Dentro del complejo está la joya: la Pagoda de Plata, llamada así por las más de 5.000 losas de plata que cubren su suelo. Allí se encuentra un Buda de esmeralda y otro de oro macizo, custodiados por el silencio de los fieles. El lugar invita al recogimiento. No hay prisa. Ni siquiera las cámaras parecen capaces de captar lo que se siente allí dentro.
🏛 El Museo Nacional: lo que el tiempo no borró
Muy cerca, con su color rojo intenso y tejados en forma de naga, está el Museo Nacional de Camboya. Es más que un museo: es un santuario del pasado. Entre estatuas de Vishnu, Shiva y Buda, uno entiende que Camboya no empezó en Angkor, ni terminó con los Jemeres Rojos. Hay mil años de arte, de fe, de poder tallado en piedra.

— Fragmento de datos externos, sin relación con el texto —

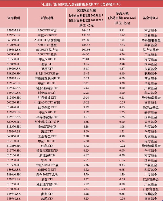 资金面上,股票型ETF呈现显著净流入。澎湃新闻记者根据Wind数据统计发现,12月25日,全市场1284只可统计的股票型ETF(含跨境ETF)合计净流入73.13亿元。将时间拉长至近七个交易日(12月17日至25日),股票型ETF整体净流入规模达733.23亿元。
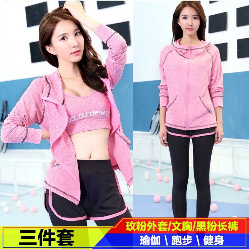 女士健身运动套装瑜伽服三件套 健身必备!【女士健身服运动套装】 舒适透气,超强速干,不掉色,内置文胸衬修身显瘦,防抖防震,让运动,变得更加性感!

Caminar por sus salas es un viaje al corazón del Imperio Jemer, y a la profundidad espiritual de su gente.
⚫ Tuol Sleng: el lugar donde se escuchan los silencios
En el barrio de Boeung Keng Kang, una antigua escuela convertida en prisión de la que ya os hemos hablado. La atmósfera es densa, no de morbo, sino de memoria viva. No se habla. Solo se camina. Solo se respeta.
⛩ Wat Phnom: donde todo empezó
Subiendo una pequeña colina en el norte de la ciudad está Wat Phnom, el templo fundacional. Cuenta la leyenda que una mujer llamada Penh encontró estatuas de Buda flotando en el río y decidió construir este templo en su honor. Así nació Phnom Penh: la colina de Penh.
El templo no es el más majestuoso, pero sí el más simbólico. Desde arriba, se ve la ciudad vibrar. A veces, los locales sueltan aves en libertad como símbolo de renovación. A veces, los turistas lanzan flores o deseos. Aquí no importa la religión. Importa el alma.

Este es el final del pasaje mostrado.